Так она писала ему почти в отчаянии.
Но что он мог объяснить? Сказать, что увидел ее перепуганной и потому решил, что она глупа, зла и труслива? Нет, в то время он еще не мог так открыто и жестоко оскорбить даже неумного человека. Он поступал, как и многие в подобных случаях, — уклонялся от встреч. А она, ничего не понимая, всячески их добивалась.

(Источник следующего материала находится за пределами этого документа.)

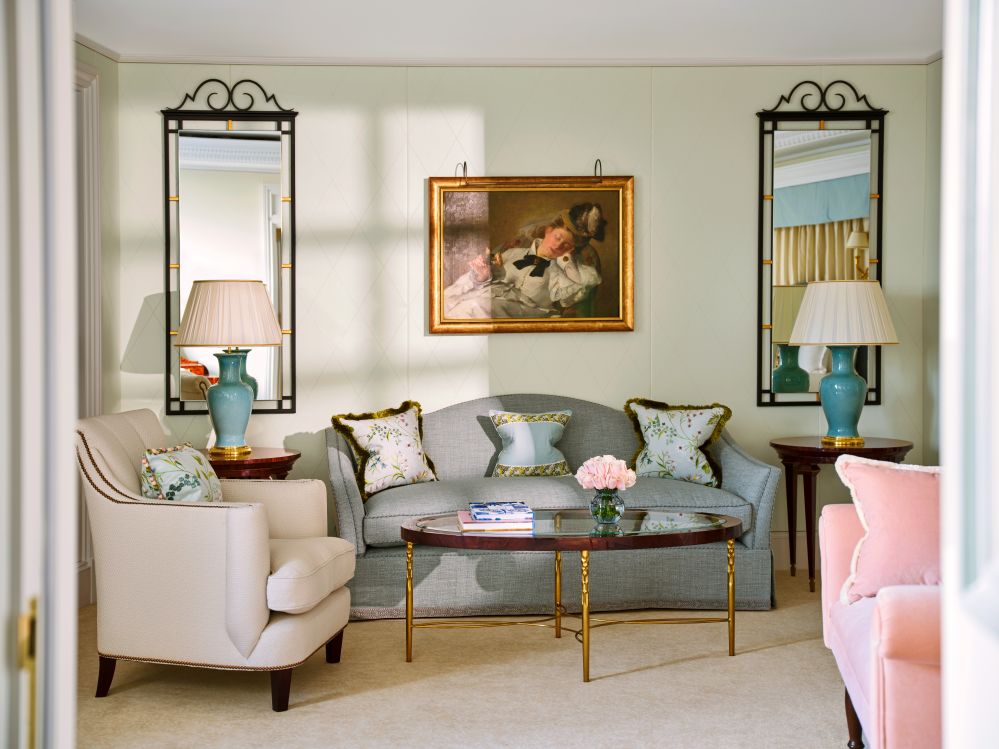 Ocupando uma vasta esquina do oitavo andar, a Suíte Royal ergue-se sobre o Hyde Park com uma sensação de imponência e vistas panorâmicas das copas das árvores do parque, do lago Serpentine e além. Combinando perfeitamente a grandeza atemporal do The Dorchester com toques contemporâneos, Rochon buscou inspiração nas paisagens britânicas, com a suíte apresentando papel de parede floral, tons pastéis suaves, tapetes com padrões personalizados e pisos de parquet Versailles.

В один прекрасный день это ему надоело…
Между тем война ширилась, и вскоре, чтобы проливать человеческую кровь, уже не нужно было ехать в составе маршевой роты далеко на запад. С февраля по октябрь семнадцатого года в России произошел великий разлом. Главное в этих месяцах — выбор будущего. В феврале революцию приветствовали почти все. И Славу она привлекла, хотя и меньше, чем остальных. Свержение царя лично ему ничего не давало, к положению низов он был равнодушен, к политическим свободам относился скептически, как и к политике вообще, и даже война, на которую он попал совсем недавно, не успела еще надоесть — пока она приносила награды, а за собственную жизнь он, как и большинство молодых людей, опасался гораздо меньше, чем взрослые, несущие семейное бремя.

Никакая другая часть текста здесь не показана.